I had two reasons for picking up a copy of Roger Gastman & Caleb Neelon, The History of American Graffiti: 1) It presented itself as being the first comprehensive history of the modern graffiti movement in America. 2) I leafed through its table of contents and saw two entries for New Jersey; I looked at them and saw names I recognized from walls I’d photographed, ZAR, KEMOS, RIME, and T.DEE, among them. The second told me that the first claim might actually pan out.
And so far it has. So far I’m a 100+ pages into this 400-page book and love it. Whether or not I’ll actually read it page-for-page, that’s another question and doesn’t really reflect on the book. As I tend not to read such books from cover-to-cover. I read them for my purposes, which are what they are and they change from time to time.

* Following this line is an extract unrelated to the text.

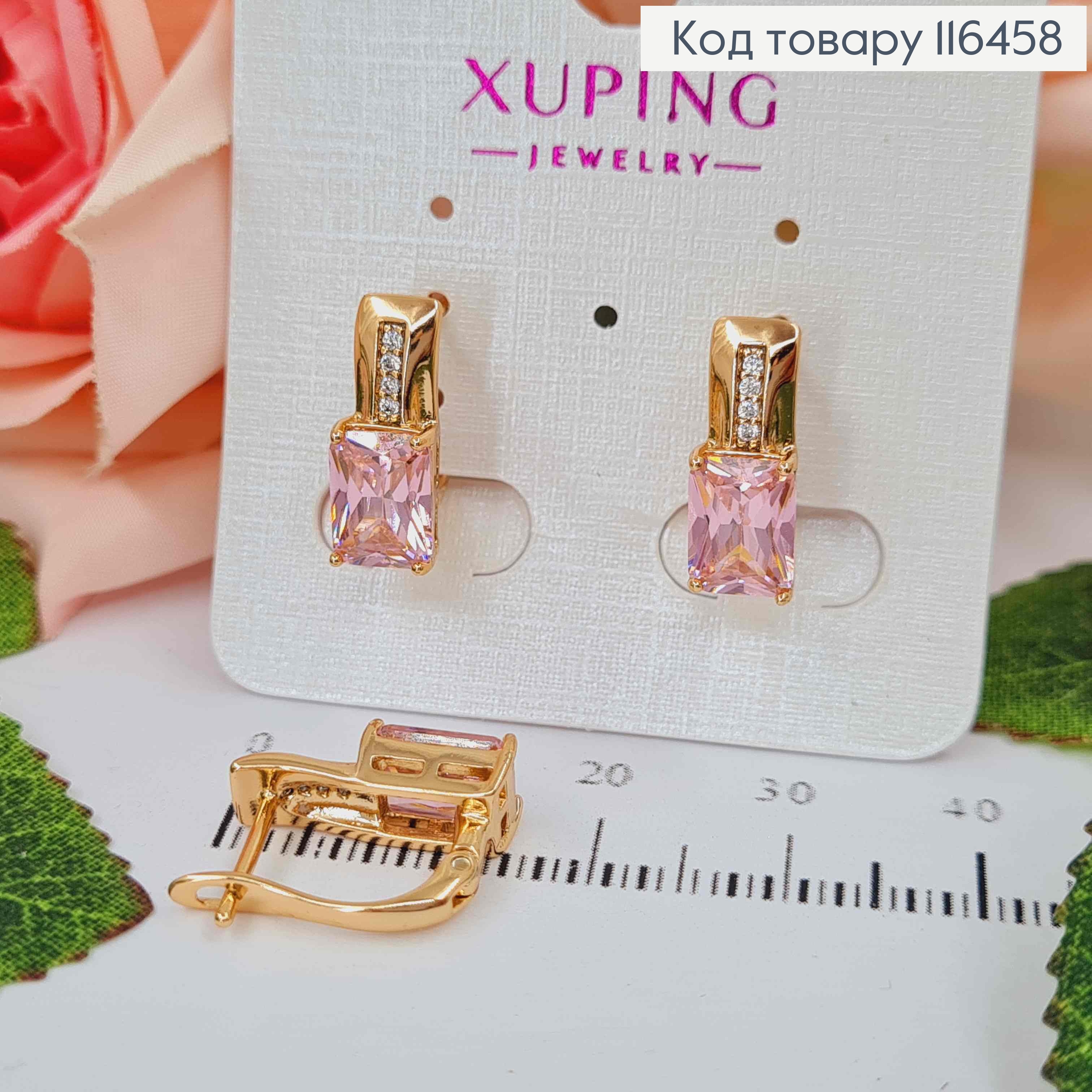 Серьги Пряжка с розовым большим камешком, 2см, англ. зам. Xuping 18К

One thing I wanted from this book was a context for the work I’ve been photographing for the past five years. Though Gastman & Caleb don’t say much about New Jersey graffiti – after all, they’ve got to cover Pittsburgh, Hawaii, San Diego, Puerto Rico, Baltimore, Nashville, Detroit, Chicago and on and on. So I wouldn’t have expected much on New Jersey, much less Jersey City. But I got enough to make some connections and I assume people in other cities have gotten the same, some connections to the larger narrative.

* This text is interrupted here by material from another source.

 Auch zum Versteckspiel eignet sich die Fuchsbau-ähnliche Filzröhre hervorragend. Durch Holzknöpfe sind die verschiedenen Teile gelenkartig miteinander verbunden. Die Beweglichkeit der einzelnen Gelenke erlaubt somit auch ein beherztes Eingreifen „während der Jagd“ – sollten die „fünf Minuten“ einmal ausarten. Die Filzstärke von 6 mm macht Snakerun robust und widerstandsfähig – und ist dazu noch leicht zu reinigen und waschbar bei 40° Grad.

But enough of that. This is about T.DEE. As I said, I’ve photographed some of his work on local Jersey City walls:
It turns out that, like many writers, T.DEE has a Facebook page and a webpage where, among other things, you can find the write-up he gave to Gastman and Neelon about Jersey City graffiti. One of the most interesting things I found, however, was in an interview published at Element-Tree. He was asked about the transition from walls to canvas:
I'd have to say it's been a bit of a rocky road for me because I tend to see the two as being completely different. I mean, think of the physical movements of your body alone when painting a wall that's 15 feet long by 7 feet tall. It's so much different from the dynamics of sitting in a room painting a canvas. For me I've also never adapted well to the concept of painting graffiti on canvas the way I might do a blackbook or something. To me the size is too confining and it just doesn't have the same effect as the piece that's 15 X 7. I mostly tend to stay away from that. Much of the stuff I do on canvas has very little to do with graffiti. I think this is why I say the transition has been rocky for me. It's as though by some choice I can't remember making, I refuse to draw from my graffiti past when approaching a canvas and sometimes it causes me to wonder if I'm not always starting all over again. I think it's good though because as an artist it keeps me searching for the next thing and really kinda illustrates how fully I commit to change within my work.
Makes sense to me. What little graffiti-style work I’ve seen on canvas (or small boards) hasn’t been very convincing. Scale matters, even to the viewer. Certainly to the viewer. When you’re looking at a large out-door piece you’re moving around. You may come upon it at an angle; you move to where you can take it all in, straight-on; then you step closer for this or that detail. And then you leave, at another angle.